:: Data provided ::

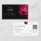 Classic Black and White Red Rose with Logo QR Code Business Card
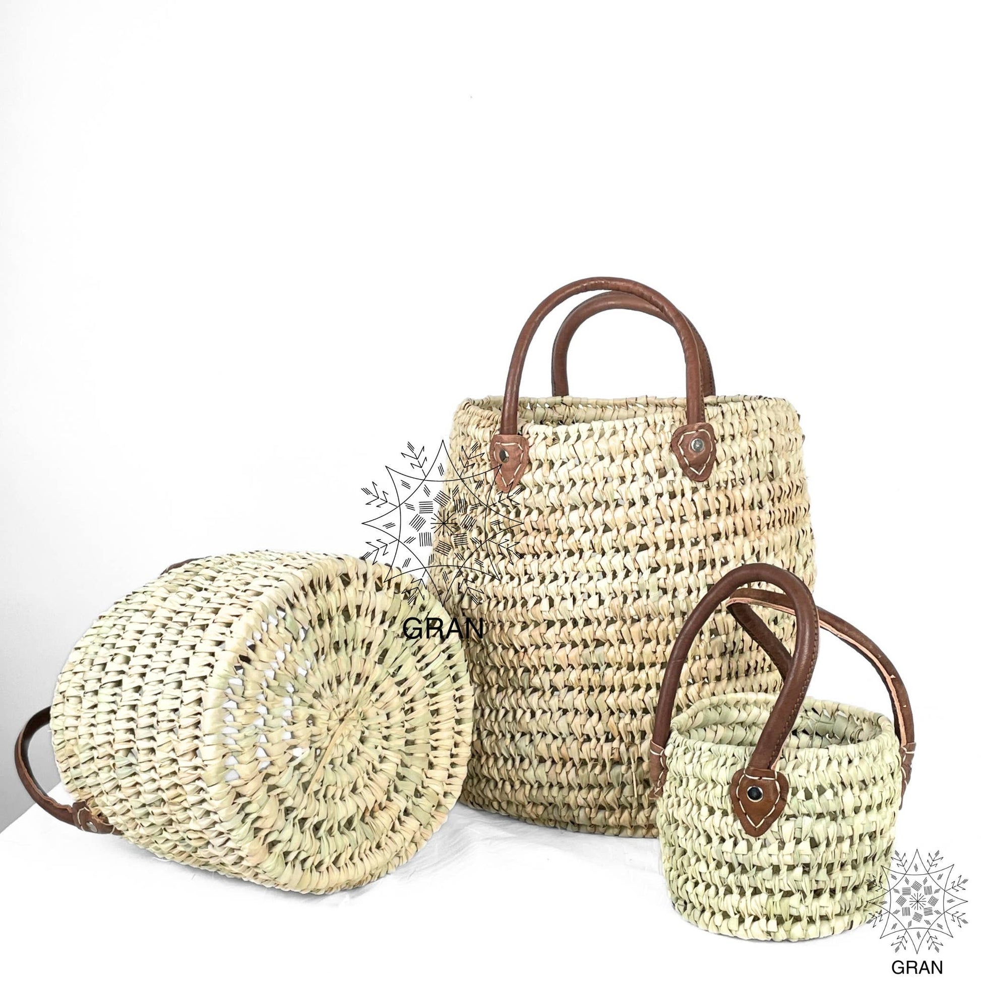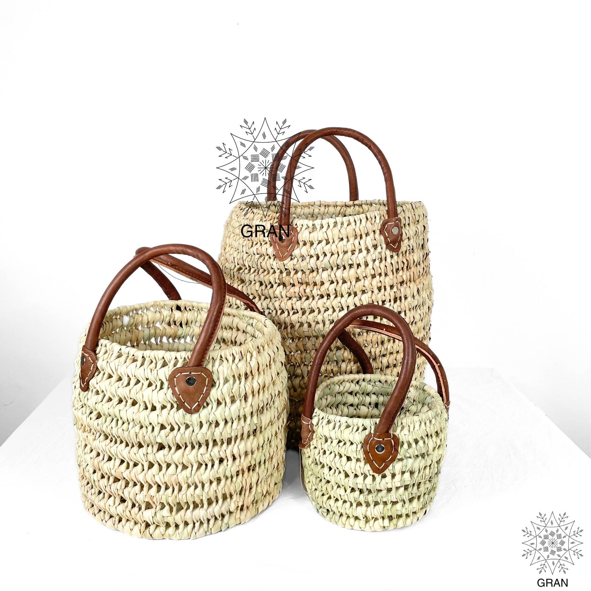 This essential storage basket combines functionality with style, perfect as a laundry basket or for adding a boho chic touch to your bathroom or laundry room. Entirely woven and featuring leather handles on each side for easy mobility, it comes in three different sizes. You can also purchase a set of all three sizes at a great price.
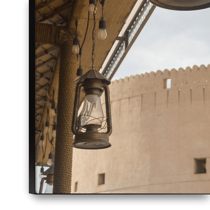 Bestelle das Foto Blick auf die Festung von Nizwa vom Athar Café von Lisette van Leeuwen als Reproduktion auf Leinwand, Alu-Dibond, als Poster, Fototapete oder Acrylglasbild.
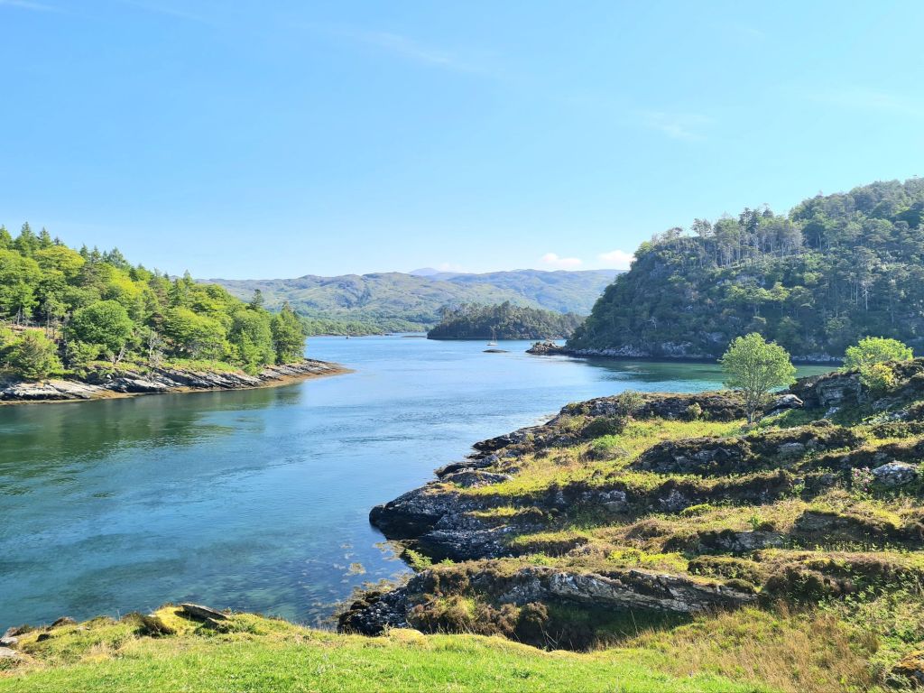 The West of Scotland had the best weather in the UK in May, for the whole 18 days we were there. Bright sunshine, blue sea and mainly light north and east winds were ideal for checking out new anchorages and visiting old favourites, several of which we’d have avoided in any other kind of weather.
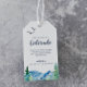 De här Colorado-märkrna för bröllopsgåvor är perfekt för en utomhusbostad bröllop. Utformningen har ett blått och grönt målat vildmarkslandskap med vattenfärgen gräs träd, fåglar och berg. Anpassa märkrna till platsen för bröllop, ett välkomstmeddelande från kort, namn och bröllop. Dessa märkre är perfekt för destinationsbröllop och hotellgästväskor.
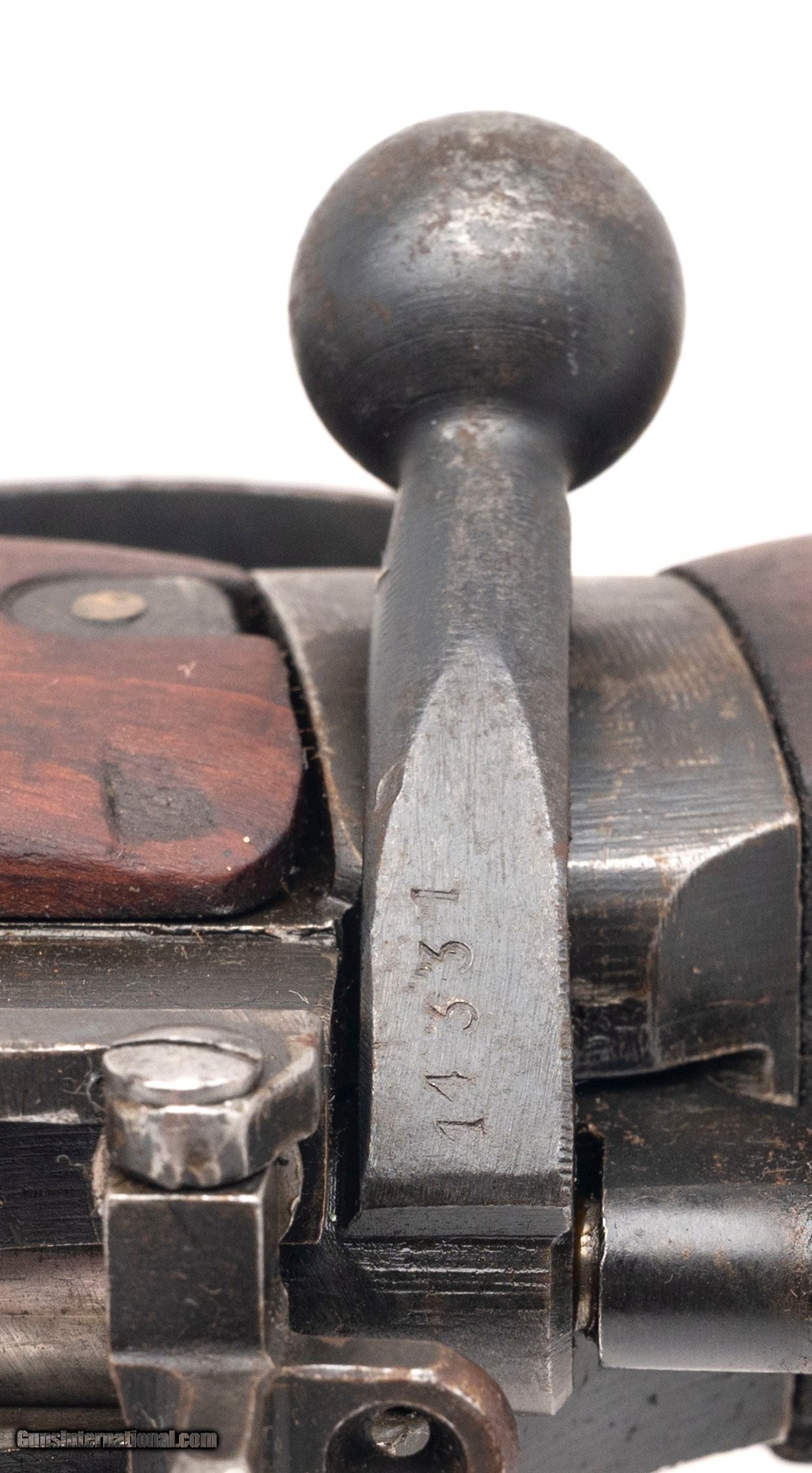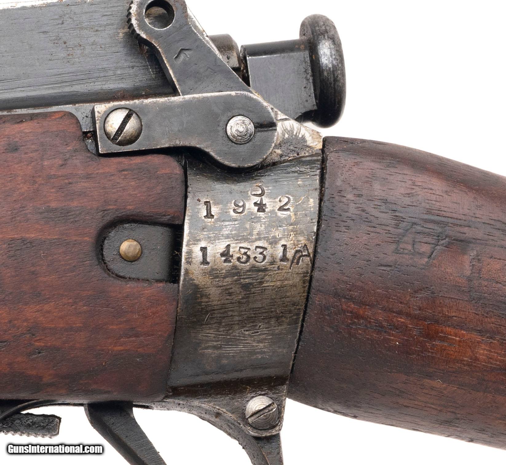 Description: "Serial No. 14331a, manufactured in 1942, chambered in .303 British with a 25"" round barrel. The bore is bright and shiny with strong rifling. Serial numbers on the bolt and receiver are matching; the magazine is non-matching. Metal surfaces show thinning to a grey patina with high-edge wear and scattered areas of oxidation. The stock exhibits expected handling marks and impressions from wartime service. Action is smooth and functions correctly. A solid, honest example of a WWII-era Enfield rifle. Curio/Relic: Yes Price: $695.00 Contact Seller |
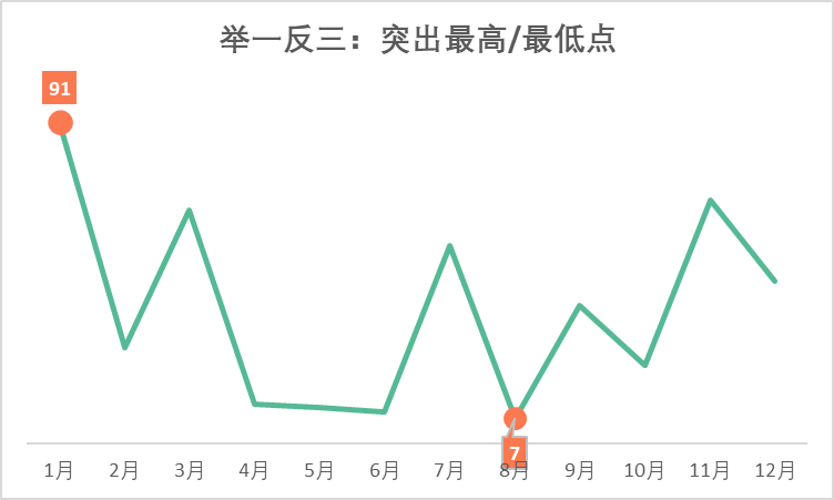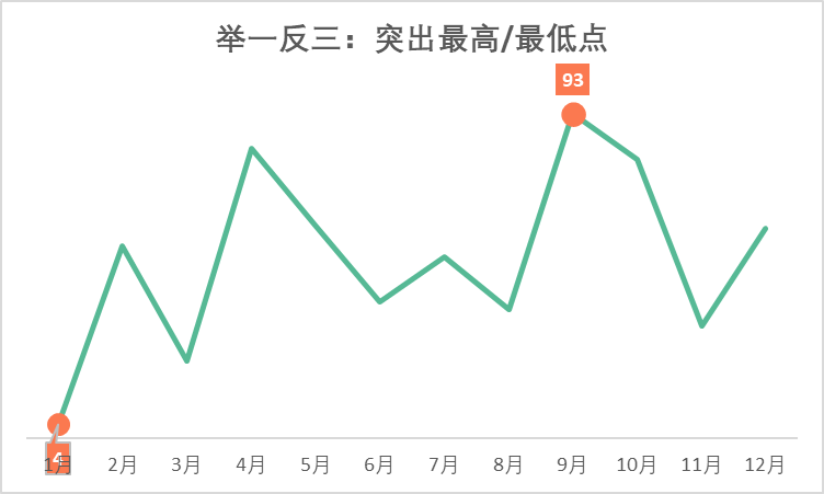 想要做这种把最高点/最低点突出显示出来的图,做两个辅助列,把最高/最低点标记出来再做好微调即可。
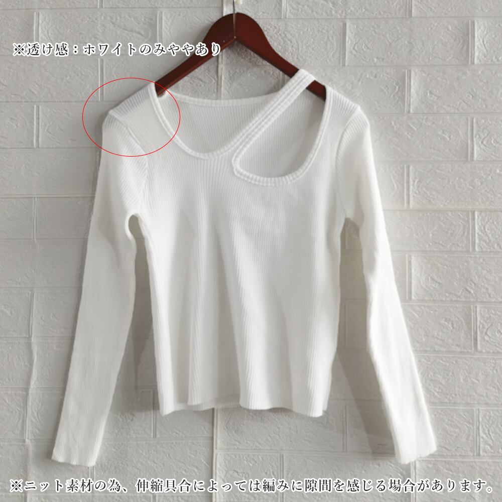 無地ニットインナー 重ね着 リブニット 肌見せ トップス
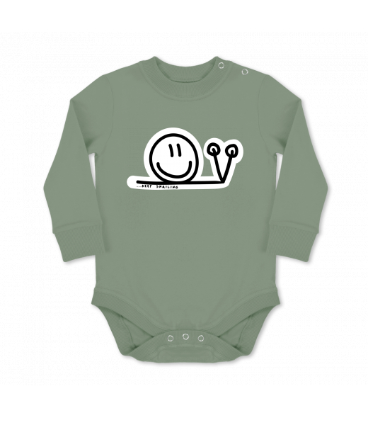 UAX baby body for kid with design 420 KEEP SNAIL in color OLIVA
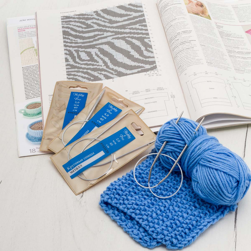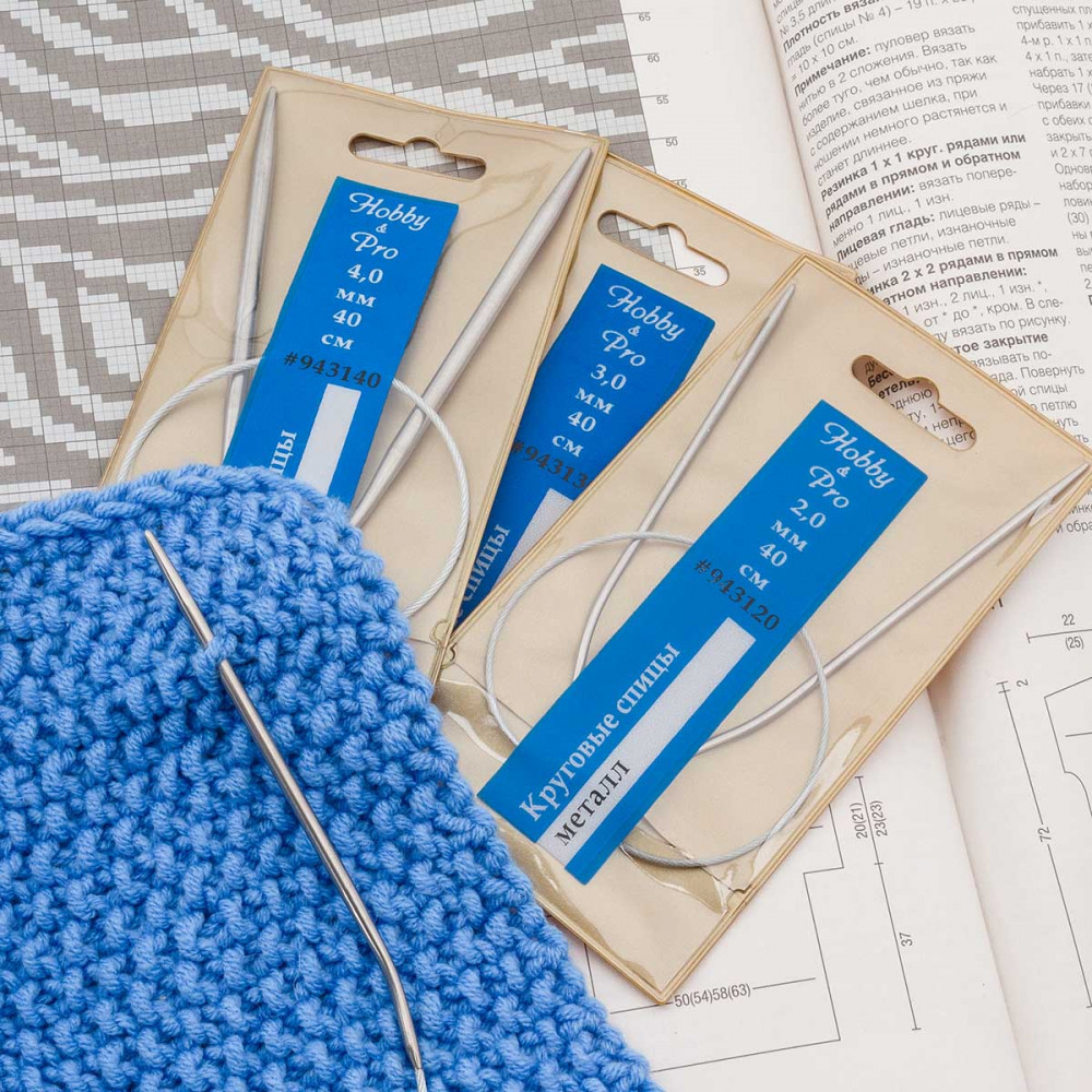 Спицы для вязания круговые из нержавеющей стали с металлическим тросиком от Hobby&Pro — идеальный инструмент для работы как в круговой, так и в прямой техниках вязания. В набор входят спицы круговые трёх размеров, с помощью которых можно создавать разнообразные вязаные изделия, такие как свитеры, манишки, шапки, снуды, а также более объемные вещи и широкие полотна: пледы и коврики.
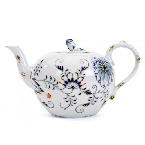 Teekanne, Form "Neuer Ausschnitt", Zwiebelmuster, kobaltblau, rot- und goldschattiert, Goldrand, V 1,00 l
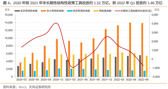 2020年到2021年末,支农、支小、扶贫再贷款和再贴现余额增长约1.32万亿元,比2.3万亿少约9800亿元,而当时的阶段性工具运用远比这个数额少(例如截止到2022年6月普惠小微贷款支持工具、碳减排支持工具、支持煤炭清洁高效利用专项再贷款等合计仅2200亿元左右),因此我们推测2.3万亿中也包含了定向降准释放的长期流动性。
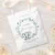 Um chá de fraldas bonitinho e neutro favorece bolsas com "Um doce pequeno obrigado" numa mistura de tipografia moderna e um roteiro de na moda com um inchaço cardíaco, e uma aquarela de um elefante bebê verde-menta pastel numa coroa de verde-sábio eucalipto verde-sensual. Personalize com o nome da futura mãe e a data do chá.
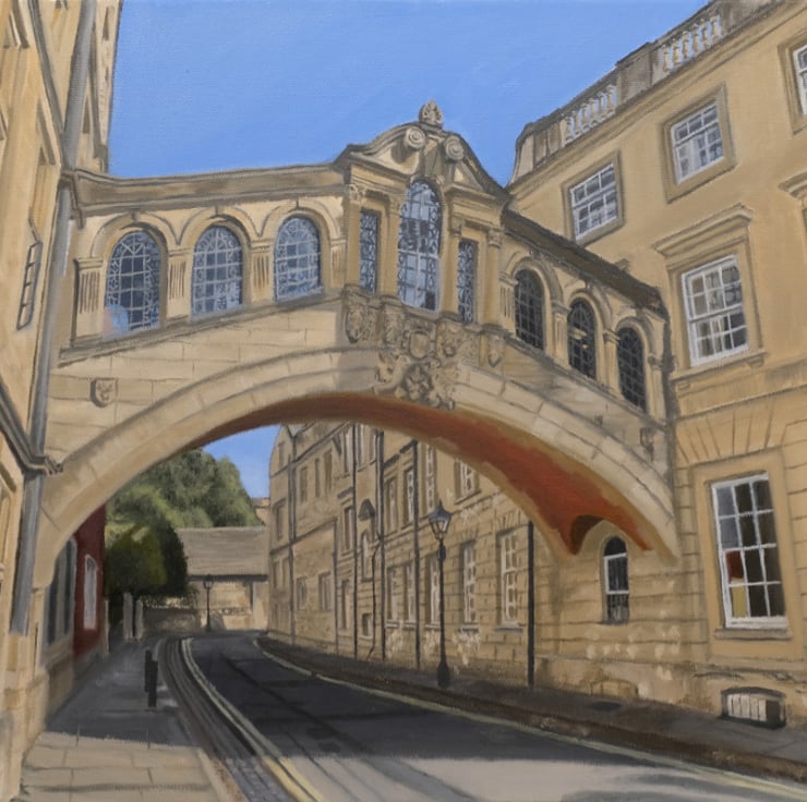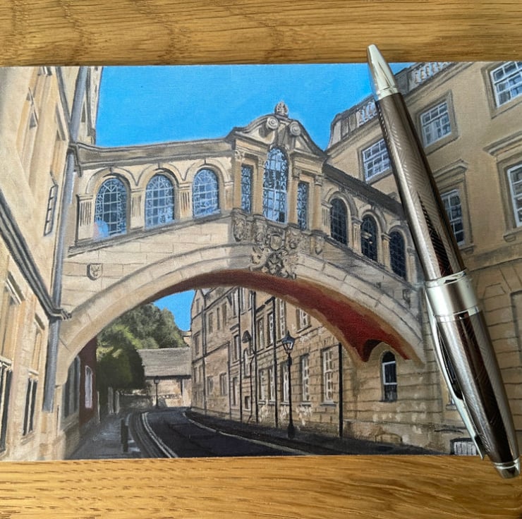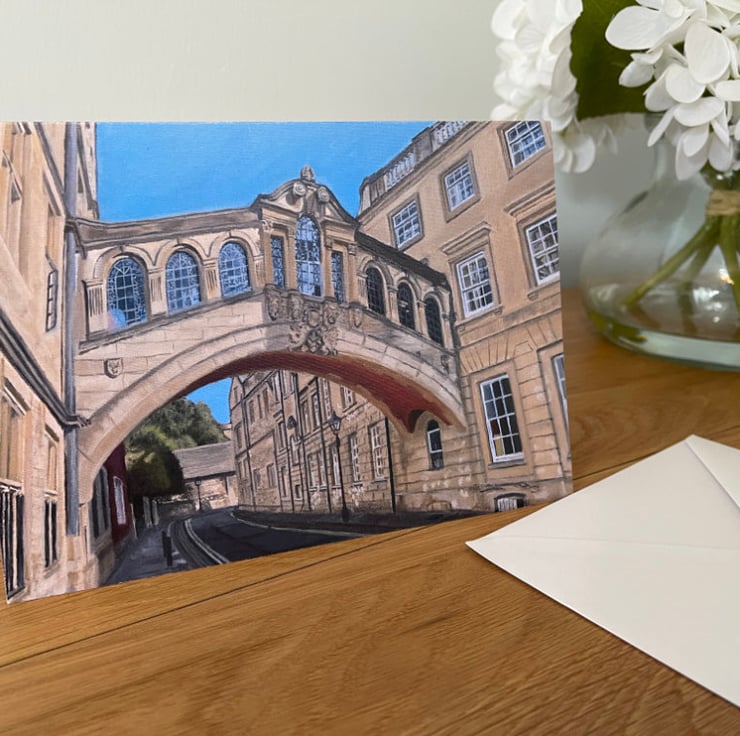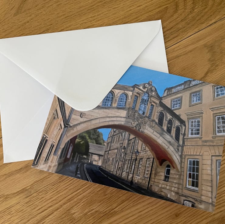 A high quality 7" x 5" greetings card of an original oil painting by me - blank inside. The Bridge of Sighs is a famous landmark in Oxford, and a popular subject for artists and photographers. Officially named Hertford Bridge, it spans new College Lane, and joins two parts of Hertford College. Designed by Sir Thomas Jackson and completed in 1914, its colloquial name comes from its similarity to the Bridge of Sighs in Venice.

:::

Work instructions:
Print the material in full and exactly; the pictures must not be printed.

Written answer:
 Classic Black and White Red Rose with Logo QR Code Business Card
 This essential storage basket combines functionality with style, perfect as a laundry basket or for adding a boho chic touch to your bathroom or laundry room. Entirely woven and featuring leather handles on each side for easy mobility, it comes in three different sizes. You can also purchase a set of all three sizes at a great price.
 Bestelle das Foto Blick auf die Festung von Nizwa vom Athar Café von Lisette van Leeuwen als Reproduktion auf Leinwand, Alu-Dibond, als Poster, Fototapete oder Acrylglasbild.
 The West of Scotland had the best weather in the UK in May, for the whole 18 days we were there. Bright sunshine, blue sea and mainly light north and east winds were ideal for checking out new anchorages and visiting old favourites, several of which we’d have avoided in any other kind of weather.
 De här Colorado-märkrna för bröllopsgåvor är perfekt för en utomhusbostad bröllop. Utformningen har ett blått och grönt målat vildmarkslandskap med vattenfärgen gräs träd, fåglar och berg. Anpassa märkrna till platsen för bröllop, ett välkomstmeddelande från kort, namn och bröllop. Dessa märkre är perfekt för destinationsbröllop och hotellgästväskor.
 Description: "Serial No. 14331a, manufactured in 1942, chambered in .303 British with a 25"" round barrel. The bore is bright and shiny with strong rifling. Serial numbers on the bolt and receiver are matching; the magazine is non-matching. Metal surfaces show thinning to a grey patina with high-edge wear and scattered areas of oxidation. The stock exhibits expected handling marks and impressions from wartime service. Action is smooth and functions correctly. A solid, honest example of a WWII-era Enfield rifle. Curio/Relic: Yes Price: $695.00 Contact Seller |
 想要做这种把最高点/最低点突出显示出来的图,做两个辅助列,把最高/最低点标记出来再做好微调即可。
 無地ニットインナー 重ね着 リブニット 肌見せ トップス
 UAX baby body for kid with design 420 KEEP SNAIL in color OLIVA
 Спицы для вязания круговые из нержавеющей стали с металлическим тросиком от Hobby&Pro — идеальный инструмент для работы как в круговой, так и в прямой техниках вязания. В набор входят спицы круговые трёх размеров, с помощью которых можно создавать разнообразные вязаные изделия, такие как свитеры, манишки, шапки, снуды, а также более объемные вещи и широкие полотна: пледы и коврики.
 Teekanne, Form "Neuer Ausschnitt", Zwiebelmuster, kobaltblau, rot- und goldschattiert, Goldrand, V 1,00 l
 2020年到2021年末,支农、支小、扶贫再贷款和再贴现余额增长约1.32万亿元,比2.3万亿少约9800亿元,而当时的阶段性工具运用远比这个数额少(例如截止到2022年6月普惠小微贷款支持工具、碳减排支持工具、支持煤炭清洁高效利用专项再贷款等合计仅2200亿元左右),因此我们推测2.3万亿中也包含了定向降准释放的长期流动性。
 Um chá de fraldas bonitinho e neutro favorece bolsas com "Um doce pequeno obrigado" numa mistura de tipografia moderna e um roteiro de na moda com um inchaço cardíaco, e uma aquarela de um elefante bebê verde-menta pastel numa coroa de verde-sábio eucalipto verde-sensual. Personalize com o nome da futura mãe e a data do chá.
 A high quality 7" x 5" greetings card of an original oil painting by me - blank inside. The Bridge of Sighs is a famous landmark in Oxford, and a popular subject for artists and photographers. Officially named Hertford Bridge, it spans new College Lane, and joins two parts of Hertford College. Designed by Sir Thomas Jackson and completed in 1914, its colloquial name comes from its similarity to the Bridge of Sighs in Venice.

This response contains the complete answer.